OrchJail framework exploits multi-step tool chains to jailbreak T2I agents
By learned orchestration patterns, benign steps combine into unsafe outputs.
Tool-calling text-to-image (T2I) agents can autonomously plan and execute multi-step tool chains (e.g., generating, editing, compositing) to handle complex user requests. This capability, however, creates a dangerous new attack surface: harmful outputs can arise from the orchestration of individually benign tool calls. Traditional prompt-based jailbreaks fail here because the danger lies in the sequence, not the prompt text. OrchJail, introduced by a team led by Jianming Chen, is a fuzzing framework specifically designed to exploit these tool-orchestration vulnerabilities. Its core innovation is learning from successful jailbreak traces and modeling causal relationships between prompt wording and unsafe tool behaviors, then using those insights to guide the fuzzing search. This avoids relying on surface-level textual perturbations and directly targets the orchestration patterns most likely to produce unsafe results.
Experiments across multiple representative tool-calling T2I agents show OrchJail significantly outperforms existing attacks: it achieves higher jailbreak success rates, produces images with better fidelity (i.e., less degraded quality from the attack), and uses fewer queries per attack. Crucially, it remains effective even against common defense mechanisms, indicating that current safeguards are ill-equipped to handle orchestration-level threats. The paper, submitted to ICML 2026, highlights tool orchestration as a critical, previously unexplored attack surface and provides a systematic framework for uncovering safety risks in increasingly autonomous multimodal AI agents. This work underscores the need for new defensive strategies that consider the entire tool chain, not just individual steps.

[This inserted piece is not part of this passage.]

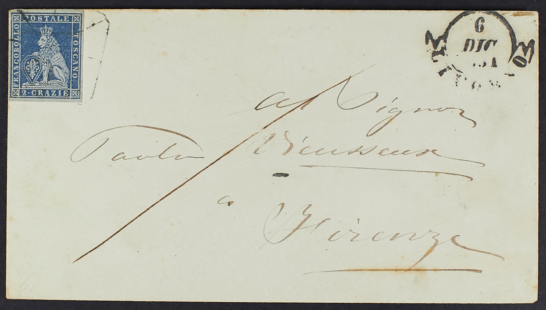 1851/58 - Tre lettere ciascuna affrancata con un valore da 2 cr. - Firma Oliva

- OrchJail uses orchestration-guided fuzzing, learning from causal relationships between prompt wording and unsafe multi-step tool behaviors.
- Achieves higher attack success rates and better image fidelity than prompt-only jailbreak methods across representative tool-calling T2I agents.
- Robust against common jailbreak defenses, revealing a critical gap in current safety measures for multi-step AI agents.
Why It Matters
As AI agents gain tool-calling autonomy, orchestration-level vulnerabilities demand new defenses beyond prompt filtering.